- [Goal of the exercise]:
Using the data below, restate exactly every line from the one with "Turkusowa casualowa sukienka" up to and including the one with "Millî Eğitim Bakanı". No picture belongs in it.
====== Source records ======
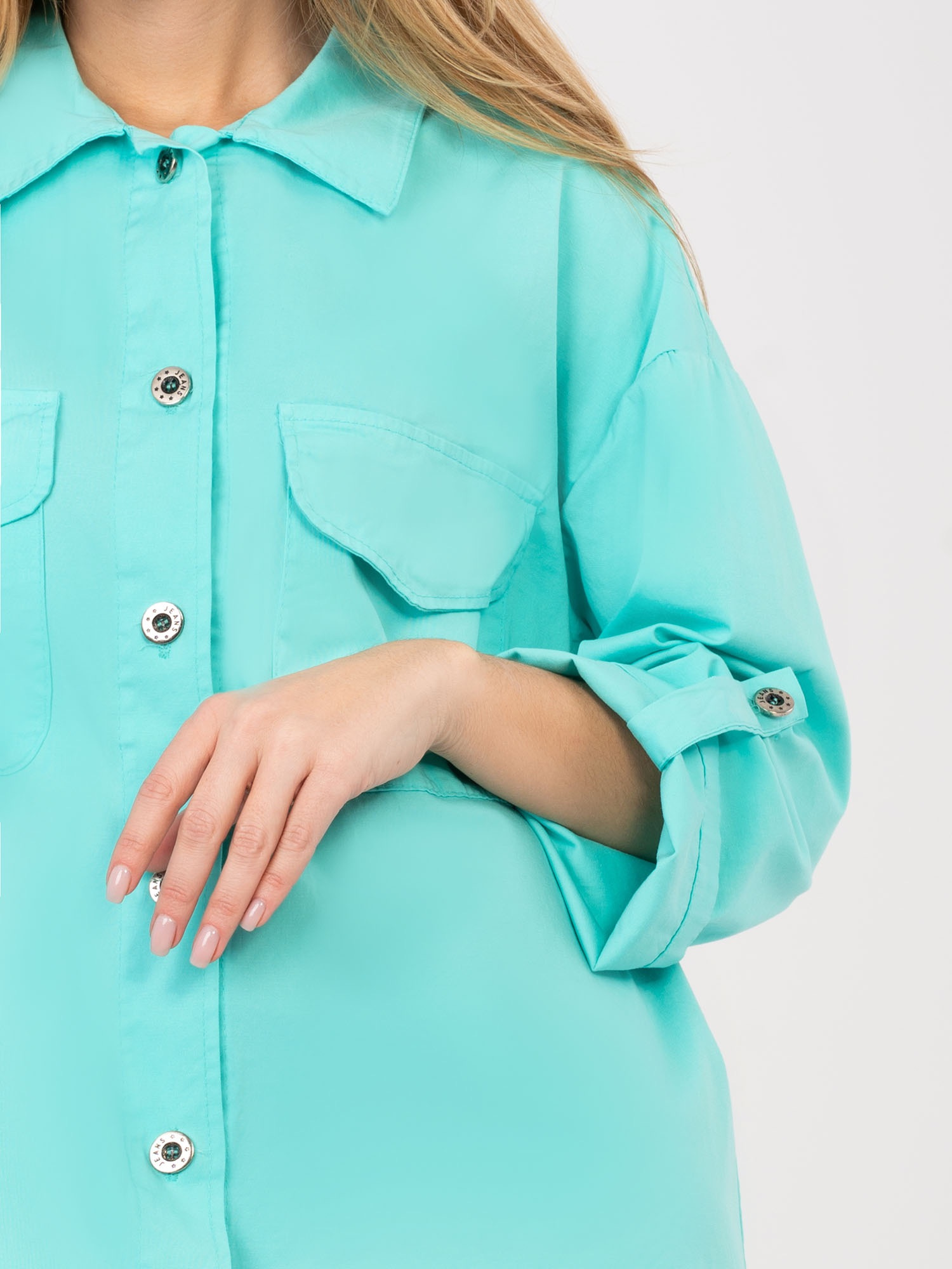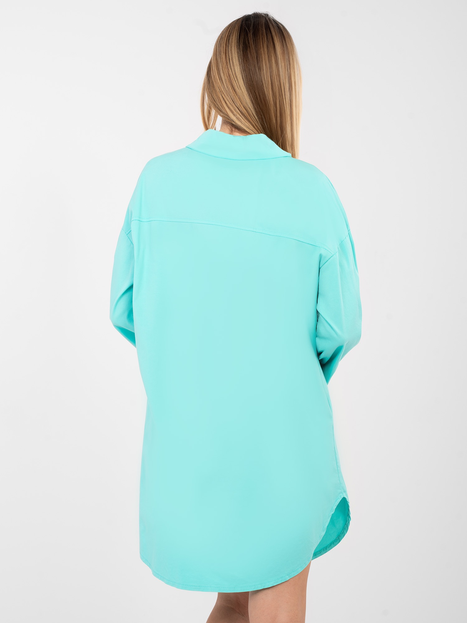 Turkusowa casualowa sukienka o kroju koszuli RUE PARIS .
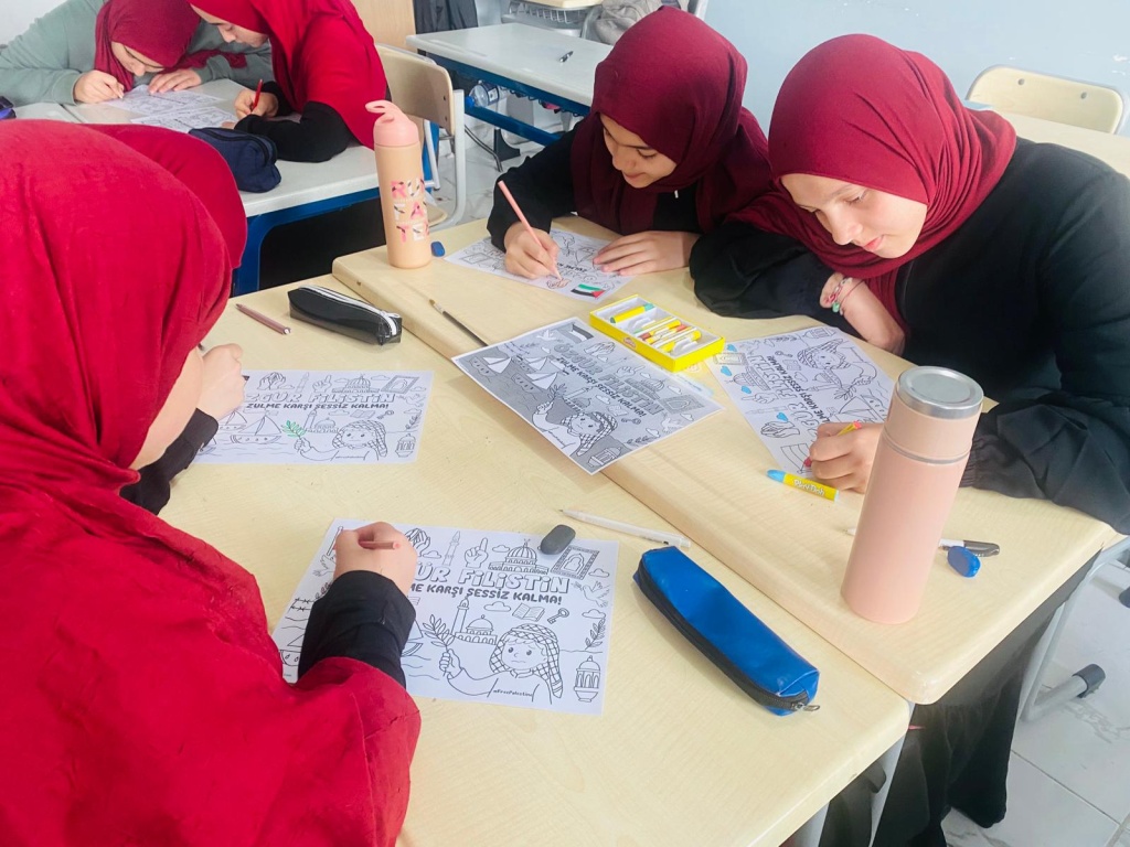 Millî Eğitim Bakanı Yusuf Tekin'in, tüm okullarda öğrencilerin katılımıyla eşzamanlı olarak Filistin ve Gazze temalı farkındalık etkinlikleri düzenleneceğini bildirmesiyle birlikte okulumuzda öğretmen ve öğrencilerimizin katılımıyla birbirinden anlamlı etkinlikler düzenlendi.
======
====== Source records ======
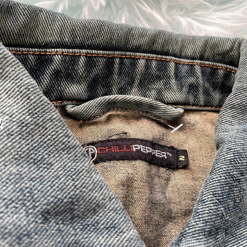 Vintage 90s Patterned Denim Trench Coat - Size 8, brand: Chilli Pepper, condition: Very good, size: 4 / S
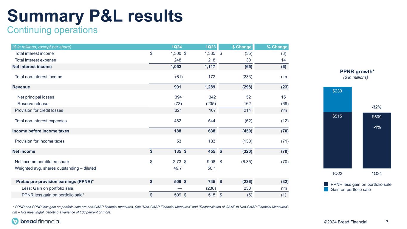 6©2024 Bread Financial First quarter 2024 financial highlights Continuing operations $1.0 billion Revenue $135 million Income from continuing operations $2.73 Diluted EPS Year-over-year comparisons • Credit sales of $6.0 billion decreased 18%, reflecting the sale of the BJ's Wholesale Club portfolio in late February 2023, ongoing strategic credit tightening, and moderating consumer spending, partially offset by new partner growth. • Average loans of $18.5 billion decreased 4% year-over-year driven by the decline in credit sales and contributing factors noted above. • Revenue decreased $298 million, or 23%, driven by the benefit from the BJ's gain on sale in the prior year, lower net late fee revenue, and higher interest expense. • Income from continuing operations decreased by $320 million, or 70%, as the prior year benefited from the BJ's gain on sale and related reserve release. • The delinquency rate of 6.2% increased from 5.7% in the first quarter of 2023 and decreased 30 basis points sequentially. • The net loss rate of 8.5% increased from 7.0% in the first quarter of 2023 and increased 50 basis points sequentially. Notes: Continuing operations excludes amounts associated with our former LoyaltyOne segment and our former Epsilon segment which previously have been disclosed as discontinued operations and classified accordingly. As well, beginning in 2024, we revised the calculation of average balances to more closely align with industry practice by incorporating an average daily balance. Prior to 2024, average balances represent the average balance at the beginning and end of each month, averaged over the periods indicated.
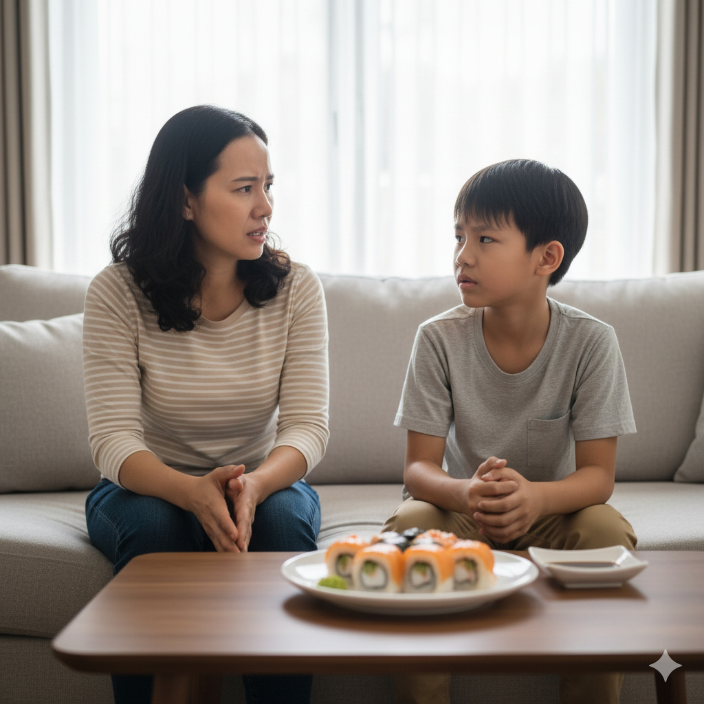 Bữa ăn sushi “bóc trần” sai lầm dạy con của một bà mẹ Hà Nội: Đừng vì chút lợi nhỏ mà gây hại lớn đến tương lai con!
======
====== Source records ======
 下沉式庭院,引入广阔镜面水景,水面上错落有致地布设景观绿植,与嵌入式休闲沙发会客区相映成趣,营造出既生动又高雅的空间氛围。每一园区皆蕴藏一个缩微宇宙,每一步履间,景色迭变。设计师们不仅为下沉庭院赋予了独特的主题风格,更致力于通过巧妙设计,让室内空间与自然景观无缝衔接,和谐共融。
======
- [Response for this exercise]:
 Turkusowa casualowa sukienka o kroju koszuli RUE PARIS .
 Millî Eğitim Bakanı Yusuf Tekin'in, tüm okullarda öğrencilerin katılımıyla eşzamanlı olarak Filistin ve Gazze temalı farkındalık etkinlikleri düzenleneceğini bildirmesiyle birlikte okulumuzda öğretmen ve öğrencilerimizin katılımıyla birbirinden anlamlı etkinlikler düzenlendi.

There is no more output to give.